In a lucid dream I had this week, i flew to space and asked to see an entity. Then appeared a being with my image. It was me, but with transparent color, like a ghost. I asked who he was and he said he was God. Curious. Has this happened to you? Is my mind saying that I am my God?

----------


## Scionox

We are all gods of our own dreamworld, that's pretty much it!  :poof:

----------


## JoannaB

I believe that the we are all god in our dream is quite apt: we are the creators of our dream world and can have God like control and powers in lucid dreams. Also for example in Christianity, those of us who are Christian believe that the Holy Spirit is within each of us, so each of us has God within us too. Also maybe you did not know what face to give to God in your dream, and so you gave him the first face that was readily available in your memory, your own.  :smiley:  Of course, it is also possible that this dream is a warning/caution from your subconscious telling you that you are not humble enough, too vain, etc.

----------


## DreamHighlander

> Of course, it is also possible that this dream is a warning/caution from your subconscious telling you that you are not humble enough, too vain, etc.



That is not the case, at all. I am the most simple guy there is.
Maybe, as you said, it's the God of my dream, which is me.

----------


## JoannaB

> That is not the case, at all.

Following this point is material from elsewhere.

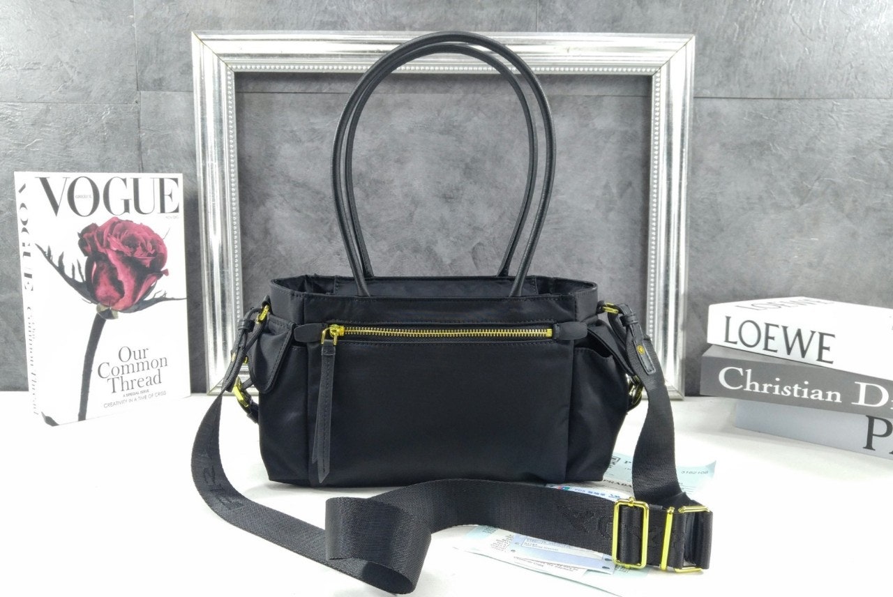 프☆다 익스플로어 미디엄 리나일론 및 가죽 토트백

I am the most simple guy there is.
> Maybe, as you said, it's the God of my dream, which is me.



As always with dream interpretation ideas by others, I strongly believe that they can only be on target if they seem right to you. Thus, if that last idea of mine does not appear right to you, you should definitely reject it. However, since I barely know you I cannot forsee which interpretation ideas might possibly hit target. I am not psychic.  :smiley:  I am glad that at least one of the ideas offered had some potential to be helpful.

----------


## Darkmatters

What did you expect him to look like? We're all made in the image of god right, and he can appear as whatever he wants - smoldering hedges etc. I guess you just didn't rate any of the spectacular effects reserved for biblical prophets et al.

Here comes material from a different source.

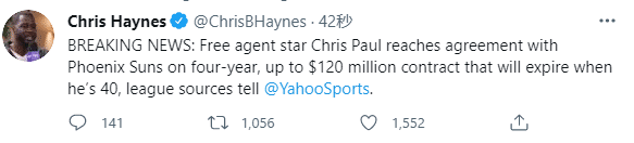 4年1.2亿美元!36岁保罗正式续约太阳,继续联手布克冲击总冠军

Ok, to be a little more serious - it seems like asking to see an entity means you've read about people asking to speak with 'higher entities' etc in lucid dreams - and even though you didn't ask to speak to one, you may have been thinking in terms of 'higher entities' which activated a God schema. Seems logical to me anyway. And keep in mind you saw what it looked like before asking who it was, so maybe at that point your subconscious hadn't decided on a name for it until you asked and put it on the spot. It also seems logical to me if you ask your subconscious to dream up an 'entity' to speak with it might show you a reflection of yourself, since that's what DCs are anyway. 

Just my 2¢

----------


## element5

Well, you are god. So am I. So is everyone else. everything around us is god! Anything and everything is god.  :wink2:

----------


## NightDrifter

You are God... in your dreams. You can do anything in your dreams.

----------


## Darkmatters

What the title of this thread reminds me of:

----------


## Saizaphod

That sounds friggin awesome! I always try to meet humanoids with different skin colors while lucid dreaming, they're just so cool. ::D:  I wish my "God" in LD world is similiar to yours... or Morgan Freeman

----------